══ Input for this task ══

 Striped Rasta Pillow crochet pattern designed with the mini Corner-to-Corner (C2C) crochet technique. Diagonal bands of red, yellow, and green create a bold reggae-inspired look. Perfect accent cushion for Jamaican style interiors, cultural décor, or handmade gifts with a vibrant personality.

═══
══ Input for this task ══

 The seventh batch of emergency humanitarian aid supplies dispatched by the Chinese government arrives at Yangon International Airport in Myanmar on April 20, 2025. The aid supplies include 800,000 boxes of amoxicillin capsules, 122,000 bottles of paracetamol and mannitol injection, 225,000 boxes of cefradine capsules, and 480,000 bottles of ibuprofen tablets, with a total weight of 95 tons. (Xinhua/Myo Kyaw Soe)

═══
══ Input for this task ══

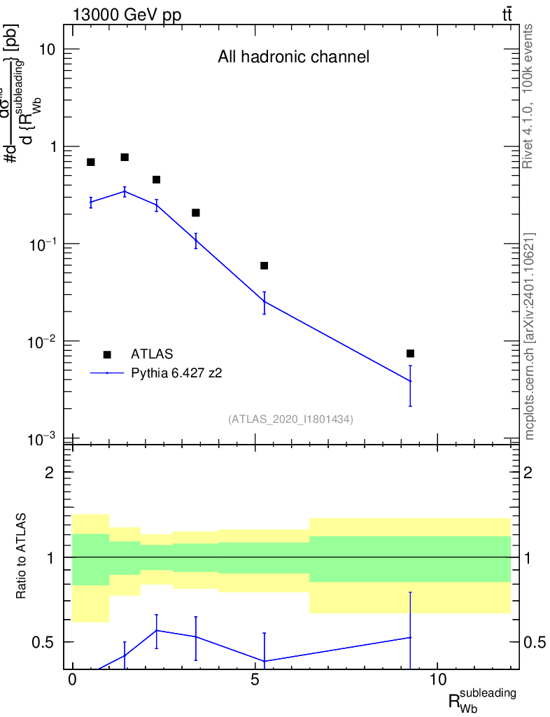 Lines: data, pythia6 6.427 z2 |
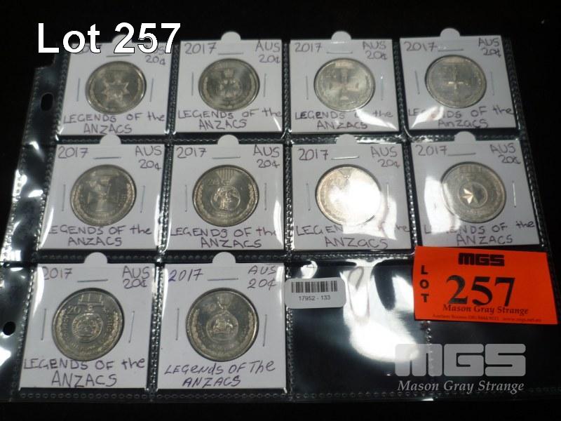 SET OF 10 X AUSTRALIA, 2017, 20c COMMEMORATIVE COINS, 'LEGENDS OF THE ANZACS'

═══

Look back at the data above, then output exactly the lines from the line holding "Lines: data, pythia6 6.427 z2 |" up to and including the line holding "SET OF 10 X". Leave out the pictures.

 Lines: data, pythia6 6.427 z2 |
 SET OF 10 X AUSTRALIA, 2017, 20c COMMEMORATIVE COINS, 'LEGENDS OF THE ANZACS'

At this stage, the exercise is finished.